Nikhil Naren- ” Mooting is an important learning and skill-developing exercise that prepares you for the profession [especially if you want to pursue litigation]. However, it is not a set benchmark for becoming a good lawyer. I encourage the learners of law to become a part of their law school’s mooting contingent for at least a year. A moot court competition improves your researching and drafting skills, teamwork skills, oratory skills, presentation skills and tests your perseverance. It wouldn’t be incorrect to say that while working on a moot problem one gets a golden opportunity to lay their hands-on learning new laws even before being taught.

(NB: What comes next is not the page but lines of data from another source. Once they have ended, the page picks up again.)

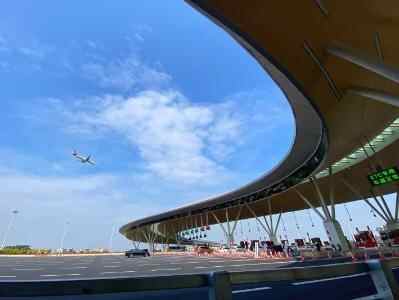 机场收费站占地总面积为11500平方米,主体跨度约150米,最高点相对高度为15.8米,建筑整体为近似中心对称的S型。建筑结构为钢结构,总用钢量约2620吨,单跨最大长度47米。幕墙施工面积约22500平方米,泛光安装灯具7891套,垂直绿化约2540平方米。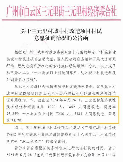 据三元里经济联合社日前发布的《关于三元里村城中村改造项目村民意愿征询情况的公告函》内容,截止至2024年6月26日,三元里村经济联社及各经济社成员合共1920人,1802人同意改造,同意率93.85%;十八周岁以上村民7236人,5483人同意改造,同意率75.7%。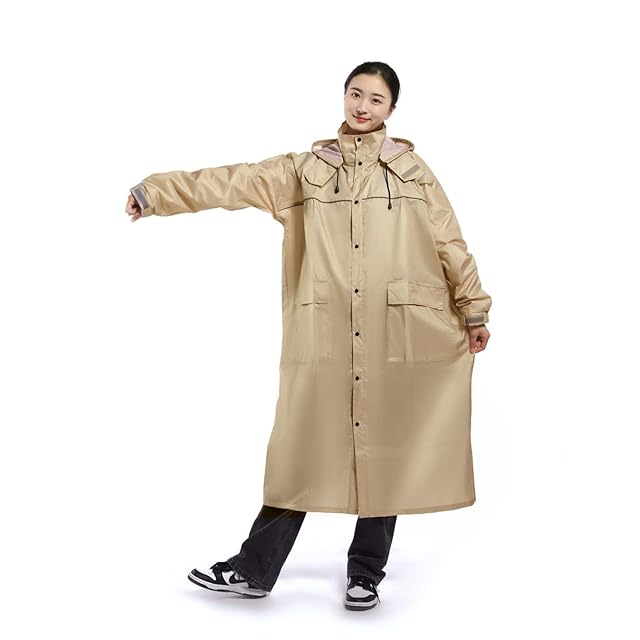 【袖口調節可能&反射帯付き&ロング丈·リュック対応着用可能】120cmと超ロング丈で、足元までしっかり覆えて雨を防ぎます。デザインは本来のレインコート式ではなく、ファッションアイテム脱ぎ着を楽にすることができ、レインコートの袖口に付けられたゴムギャザーやマジックテープで、袖口のフィット感が調節でき、雨や風の浸入を効果的に防ぎます。夜間の安全を考慮し、反射帯を前面から背面にかけて体を覆うように採用することで、車などからの視認性も高まり、夜間の自転車でも安全アップ。レインコートには収納袋を付属、レインコートを折りたたんで収納袋に入れお持ち運ぶことが可能で、便利です。

For students who are not interested in mooting, I strongly urge you to take it up for a year. If one is not interested still, I strongly advise them to go for good publications, but that too would not necessarily guarantee in making them a good lawyer.”

6.Students nowadays are very confused regarding the area of law they should choose. Even if they know their area of interest, they are getting confused on which one to choose because nowadays there is immense competition in the market and due to the rise of technology it creates uncertainty about the future of certain jobs. What would you say to the students?

Nikhil Naren- ” Competition shouldn’t ever make you quit on your area of interest rather it should become an enabling factor to become the best version of yourself in that particular area of practice. That’s just two different perceptions of looking at it. We have witnessed our lives turning upside down due to the pandemic, which in itself was so uncertain. You can’t stop the waves, but you can always learn to surf, isn’t it?”

7. What according to you is the most important life/career lesson you learned which every law student should know?

Nikhil Naren- ” Keep learning every day and be a better version of yourself. Evaluate before you decide or make an opinion about something. Be the Shepheard, not the sheep. Impressing others shouldn’t be your motivation. Lastly, keep your excuses at bay.”